Thursday, 22 December 2016

Day 22: The Subtle Serpent by Gregory Heath

1.     What gave you the idea for  Baubles story?

This story was first written many years ago, before my literary career (such as it is) had even begun. I was in ‘writing exercise’ mode at the time, trying to trick myself into creating something, using quotes as ‘taking off’ points. I never quite got the story to work, despite several revisions, but I always maintained a soft spot for it and hoped to see it in print someday. The Baubles anthology provided the perfect excuse for taking another look at it, and a relatively radical rewrite led to the piece as it now is.

2.     How would you describe your normal style of writing?

Although ‘The Subtle Serpent’ is not the kind of story I usually write, it contains a degree of understatement, a laconic quality, which best sums up my style, I think. The greatest compliment I have ever been paid as a writer is that I ‘write with a deceptive simplicity’.

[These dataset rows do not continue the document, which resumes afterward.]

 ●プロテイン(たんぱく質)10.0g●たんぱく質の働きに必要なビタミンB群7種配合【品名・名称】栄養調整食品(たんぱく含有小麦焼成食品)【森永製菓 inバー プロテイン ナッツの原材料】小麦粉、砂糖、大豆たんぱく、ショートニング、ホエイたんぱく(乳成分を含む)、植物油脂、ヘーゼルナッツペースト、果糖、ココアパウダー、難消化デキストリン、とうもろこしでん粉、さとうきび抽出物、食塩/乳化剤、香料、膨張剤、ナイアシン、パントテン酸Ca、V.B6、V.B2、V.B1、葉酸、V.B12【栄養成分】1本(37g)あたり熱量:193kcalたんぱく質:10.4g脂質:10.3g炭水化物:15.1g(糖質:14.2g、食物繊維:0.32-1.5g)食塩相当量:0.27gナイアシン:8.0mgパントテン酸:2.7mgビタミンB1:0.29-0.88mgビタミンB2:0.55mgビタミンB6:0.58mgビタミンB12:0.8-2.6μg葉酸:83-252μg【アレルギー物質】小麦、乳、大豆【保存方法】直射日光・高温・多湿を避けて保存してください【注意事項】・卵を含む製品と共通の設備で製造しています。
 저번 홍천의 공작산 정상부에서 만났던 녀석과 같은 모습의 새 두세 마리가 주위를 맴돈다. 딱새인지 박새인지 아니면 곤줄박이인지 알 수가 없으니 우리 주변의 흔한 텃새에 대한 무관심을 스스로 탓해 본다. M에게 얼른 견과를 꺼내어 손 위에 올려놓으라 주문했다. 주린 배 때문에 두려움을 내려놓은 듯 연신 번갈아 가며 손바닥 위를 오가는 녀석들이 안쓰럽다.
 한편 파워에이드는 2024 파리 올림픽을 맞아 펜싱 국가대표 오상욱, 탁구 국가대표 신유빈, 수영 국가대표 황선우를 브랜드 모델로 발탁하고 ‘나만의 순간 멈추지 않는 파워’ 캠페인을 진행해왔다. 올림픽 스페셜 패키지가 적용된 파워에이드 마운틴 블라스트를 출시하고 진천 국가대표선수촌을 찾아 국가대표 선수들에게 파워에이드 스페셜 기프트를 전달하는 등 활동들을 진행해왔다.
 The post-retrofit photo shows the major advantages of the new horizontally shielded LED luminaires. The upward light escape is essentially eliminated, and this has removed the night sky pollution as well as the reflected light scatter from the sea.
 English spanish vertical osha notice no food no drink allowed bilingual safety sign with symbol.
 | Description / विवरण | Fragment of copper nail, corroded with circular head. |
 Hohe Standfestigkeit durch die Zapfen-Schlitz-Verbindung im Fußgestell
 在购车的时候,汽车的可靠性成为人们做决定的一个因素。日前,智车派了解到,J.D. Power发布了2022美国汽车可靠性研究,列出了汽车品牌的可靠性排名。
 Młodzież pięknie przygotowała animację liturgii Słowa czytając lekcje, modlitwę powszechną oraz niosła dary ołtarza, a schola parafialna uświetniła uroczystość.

3.     Have you published other material?

I have had two novels published, the first of which, ‘The Entire Animal’ (Waywiser Press, 2006), remains my proudest literary achievement, albeit it never set the world alight. My poetry and short stories have also appeared very widely in literary journals and anthologies.

4.     Do you have a writing routine?

I have had a very strict routine over a long period of time, writing for a couple of hours four nights a week and then all day on Saturday. I have to say, though, that I am currently on hiatus and haven’t written a thing for months.

5.     Do you have a favourite place for writing?

In the early days I used to write in a converted garden shed, which had a certain amount of romance to it. Nowadays I have a study in the house.

6.     Tell something quirky about you.

I gave up lecturing in English Literature and Psychology a couple of years ago to become a rat man (a ‘pest control technician’ if you want to be fancy about it) and it’s the best decision I ever made.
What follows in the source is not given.